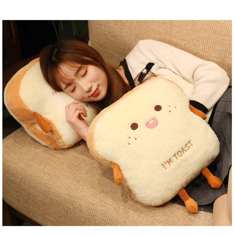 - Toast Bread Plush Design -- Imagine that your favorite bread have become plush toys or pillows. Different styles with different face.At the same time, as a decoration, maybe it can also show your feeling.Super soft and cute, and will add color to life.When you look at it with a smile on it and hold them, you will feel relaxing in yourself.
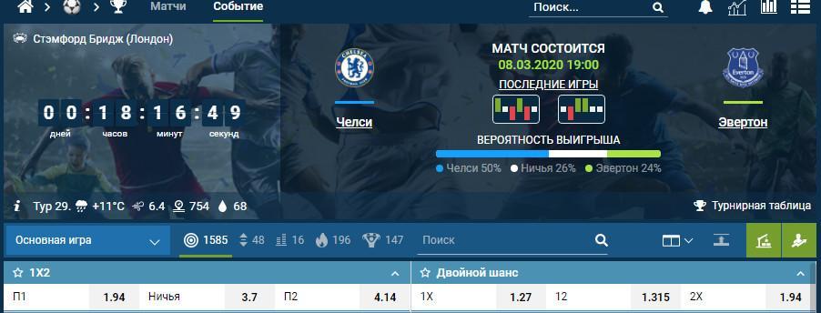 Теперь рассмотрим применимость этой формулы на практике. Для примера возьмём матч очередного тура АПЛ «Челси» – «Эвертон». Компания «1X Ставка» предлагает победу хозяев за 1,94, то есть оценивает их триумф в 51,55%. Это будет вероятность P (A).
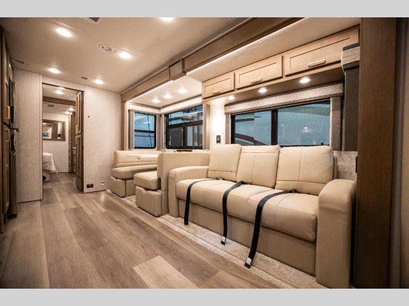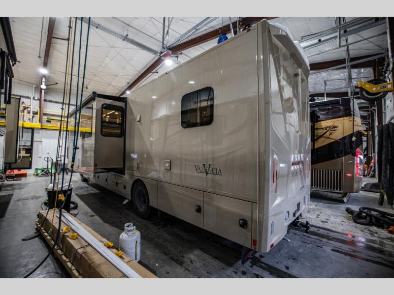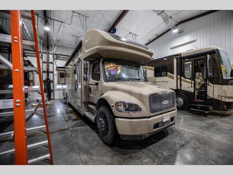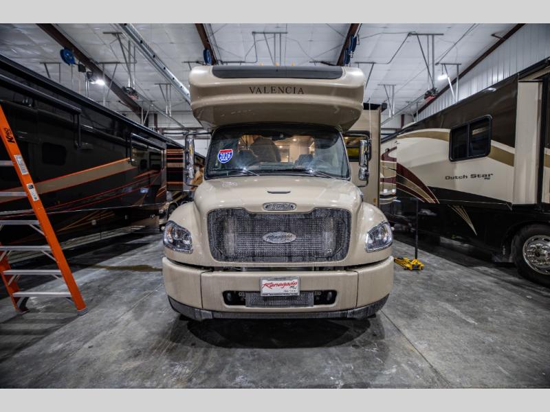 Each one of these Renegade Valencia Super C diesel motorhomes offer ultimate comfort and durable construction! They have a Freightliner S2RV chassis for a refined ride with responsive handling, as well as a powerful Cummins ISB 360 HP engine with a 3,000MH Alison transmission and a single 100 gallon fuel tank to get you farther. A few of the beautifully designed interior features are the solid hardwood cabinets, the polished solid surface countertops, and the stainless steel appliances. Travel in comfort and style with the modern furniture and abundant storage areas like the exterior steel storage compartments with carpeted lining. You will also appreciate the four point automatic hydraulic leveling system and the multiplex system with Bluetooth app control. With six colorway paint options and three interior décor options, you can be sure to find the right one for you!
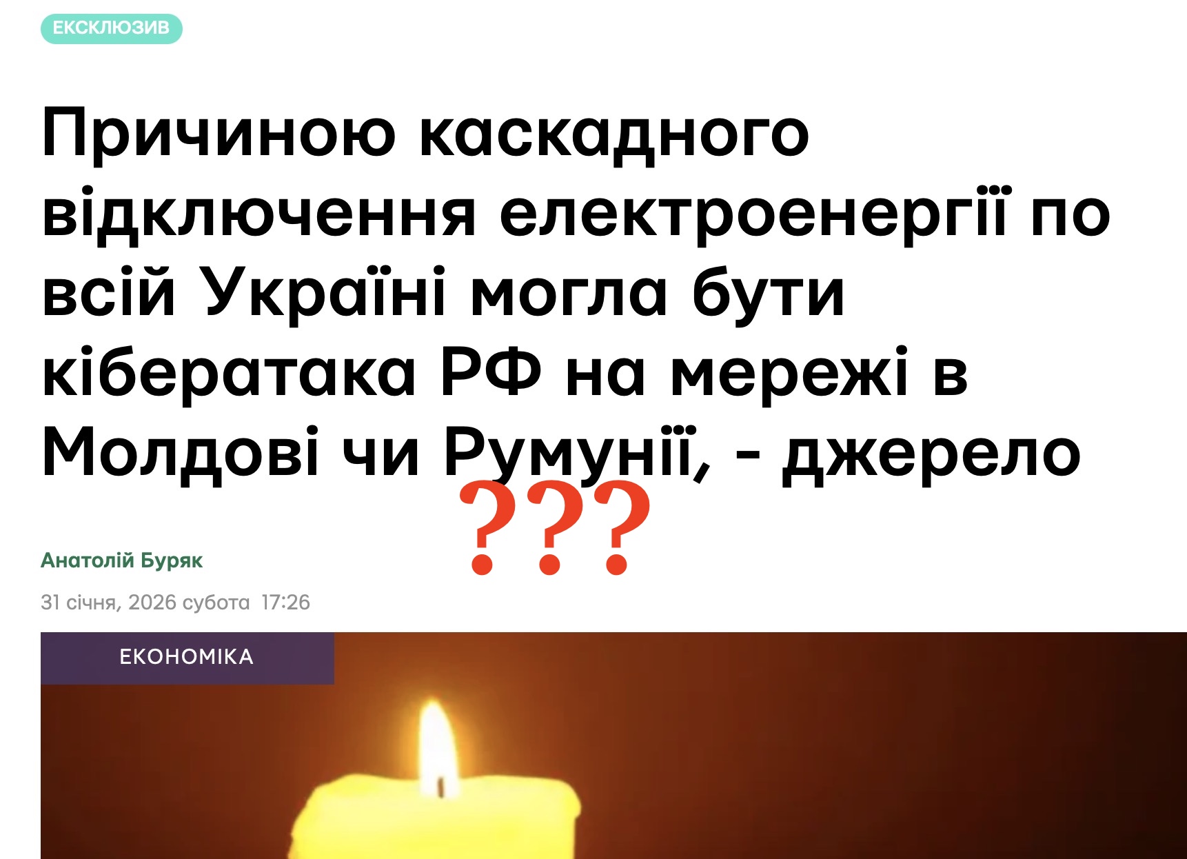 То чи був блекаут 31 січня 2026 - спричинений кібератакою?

=======

Task goal
Return the data above unchanged. Pictures are not part of the copy.

Written solution
 - Toast Bread Plush Design -- Imagine that your favorite bread have become plush toys or pillows. Different styles with different face.At the same time, as a decoration, maybe it can also show your feeling.Super soft and cute, and will add color to life.When you look at it with a smile on it and hold them, you will feel relaxing in yourself.
 Теперь рассмотрим применимость этой формулы на практике. Для примера возьмём матч очередного тура АПЛ «Челси» – «Эвертон». Компания «1X Ставка» предлагает победу хозяев за 1,94, то есть оценивает их триумф в 51,55%. Это будет вероятность P (A).
 Each one of these Renegade Valencia Super C diesel motorhomes offer ultimate comfort and durable construction! They have a Freightliner S2RV chassis for a refined ride with responsive handling, as well as a powerful Cummins ISB 360 HP engine with a 3,000MH Alison transmission and a single 100 gallon fuel tank to get you farther. A few of the beautifully designed interior features are the solid hardwood cabinets, the polished solid surface countertops, and the stainless steel appliances. Travel in comfort and style with the modern furniture and abundant storage areas like the exterior steel storage compartments with carpeted lining. You will also appreciate the four point automatic hydraulic leveling system and the multiplex system with Bluetooth app control. With six colorway paint options and three interior décor options, you can be sure to find the right one for you!
 То чи був блекаут 31 січня 2026 - спричинений кібератакою?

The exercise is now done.